─── RECORDS ───
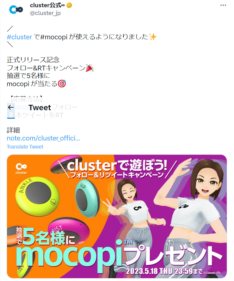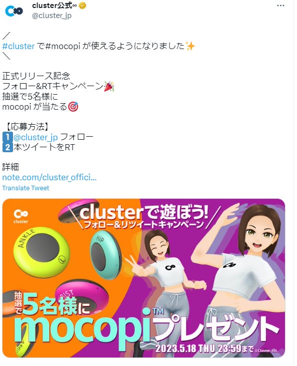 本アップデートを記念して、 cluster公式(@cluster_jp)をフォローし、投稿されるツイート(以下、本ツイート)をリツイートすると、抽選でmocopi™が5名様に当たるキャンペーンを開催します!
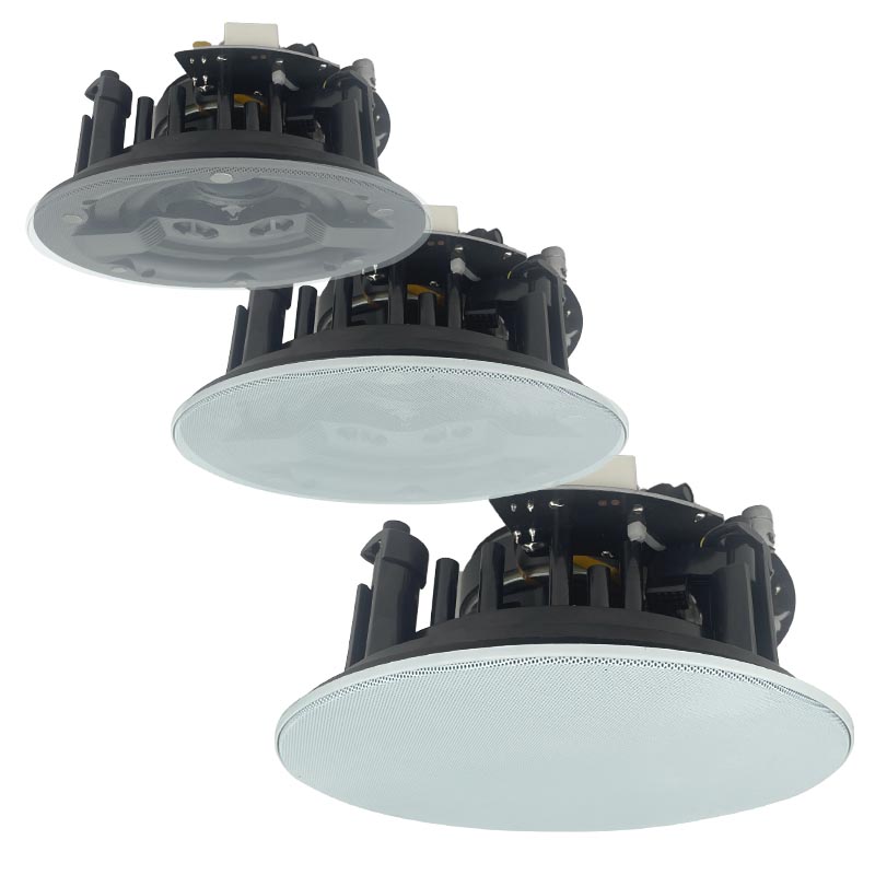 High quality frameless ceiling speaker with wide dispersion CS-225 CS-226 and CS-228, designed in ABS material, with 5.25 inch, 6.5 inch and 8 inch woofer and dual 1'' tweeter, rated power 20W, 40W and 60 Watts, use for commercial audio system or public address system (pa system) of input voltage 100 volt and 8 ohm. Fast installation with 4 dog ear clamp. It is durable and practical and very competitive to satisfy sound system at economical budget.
───
─── RECORDS ───
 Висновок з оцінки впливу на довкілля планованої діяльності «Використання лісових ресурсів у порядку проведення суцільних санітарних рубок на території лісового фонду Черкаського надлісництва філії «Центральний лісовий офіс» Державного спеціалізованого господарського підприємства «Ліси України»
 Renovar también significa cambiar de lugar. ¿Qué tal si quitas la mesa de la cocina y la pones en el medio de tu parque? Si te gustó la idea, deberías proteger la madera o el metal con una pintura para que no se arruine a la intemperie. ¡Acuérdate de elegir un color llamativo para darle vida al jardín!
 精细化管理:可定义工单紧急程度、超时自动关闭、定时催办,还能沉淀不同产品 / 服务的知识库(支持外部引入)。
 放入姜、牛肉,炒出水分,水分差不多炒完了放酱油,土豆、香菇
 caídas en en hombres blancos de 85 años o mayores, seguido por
───
─── RECORDS ───
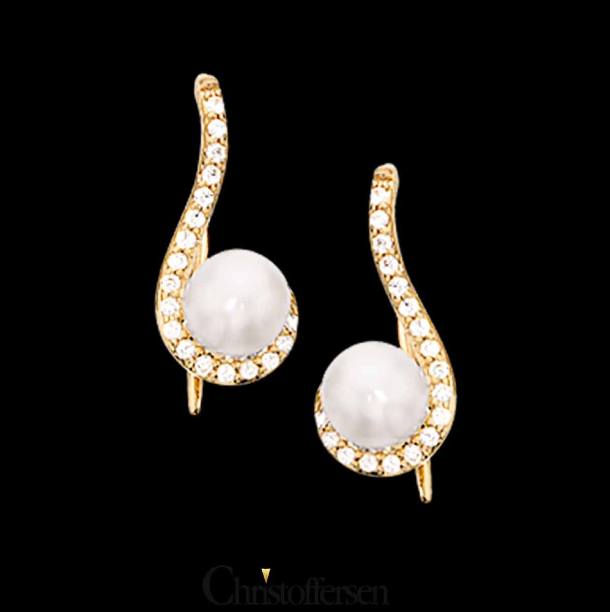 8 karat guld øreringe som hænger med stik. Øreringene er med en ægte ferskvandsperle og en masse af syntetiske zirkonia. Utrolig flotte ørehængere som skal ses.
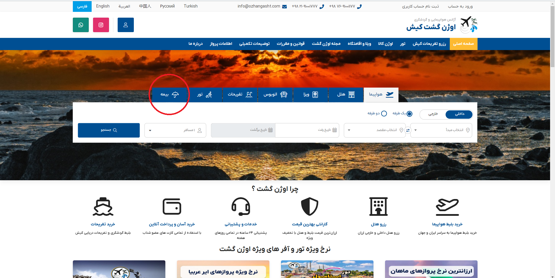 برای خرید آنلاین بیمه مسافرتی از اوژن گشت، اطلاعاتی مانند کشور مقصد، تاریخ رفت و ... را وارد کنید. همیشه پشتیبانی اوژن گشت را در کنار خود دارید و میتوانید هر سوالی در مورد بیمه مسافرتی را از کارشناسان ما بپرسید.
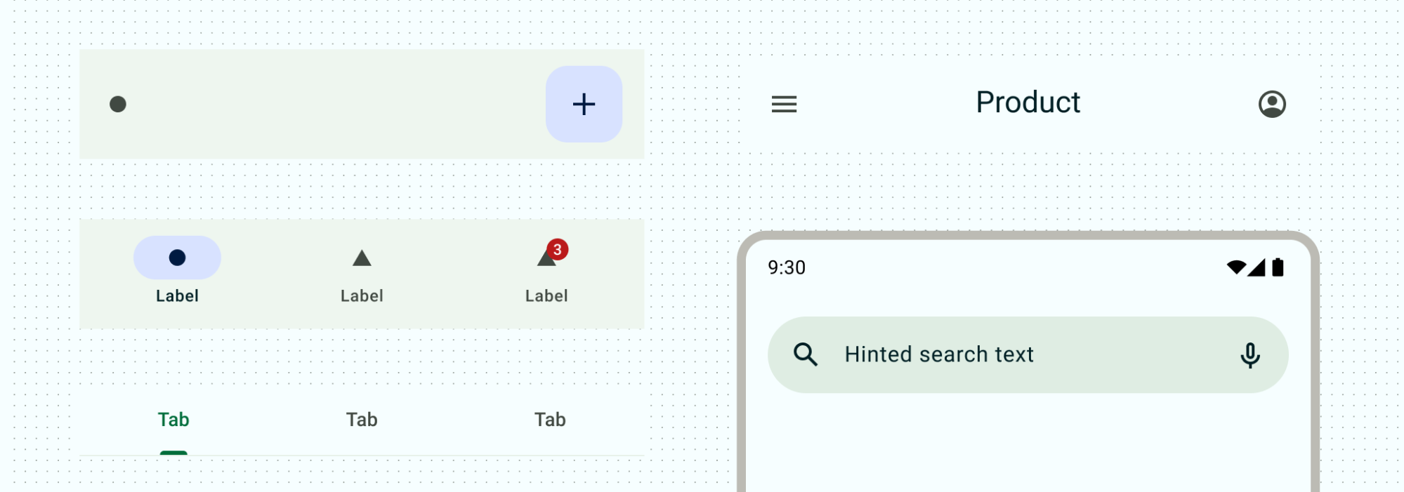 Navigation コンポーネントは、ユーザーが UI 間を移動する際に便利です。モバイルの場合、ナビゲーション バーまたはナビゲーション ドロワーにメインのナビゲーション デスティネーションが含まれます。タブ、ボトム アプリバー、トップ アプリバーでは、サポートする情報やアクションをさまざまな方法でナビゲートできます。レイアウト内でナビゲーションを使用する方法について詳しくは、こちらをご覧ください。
───
• _DESCRIPTION OF THE TASK_
Each line in the entries above, starting at the line with "Renovar también significa" and ending at the line with "caídas en en", is to be printed exactly, and only those lines.

• _SOLUTION FOR THIS PROBLEM_
 Renovar también significa cambiar de lugar. ¿Qué tal si quitas la mesa de la cocina y la pones en el medio de tu parque? Si te gustó la idea, deberías proteger la madera o el metal con una pintura para que no se arruine a la intemperie. ¡Acuérdate de elegir un color llamativo para darle vida al jardín!
 精细化管理:可定义工单紧急程度、超时自动关闭、定时催办,还能沉淀不同产品 / 服务的知识库(支持外部引入)。
 放入姜、牛肉,炒出水分,水分差不多炒完了放酱油,土豆、香菇
 caídas en en hombres blancos de 85 años o mayores, seguido por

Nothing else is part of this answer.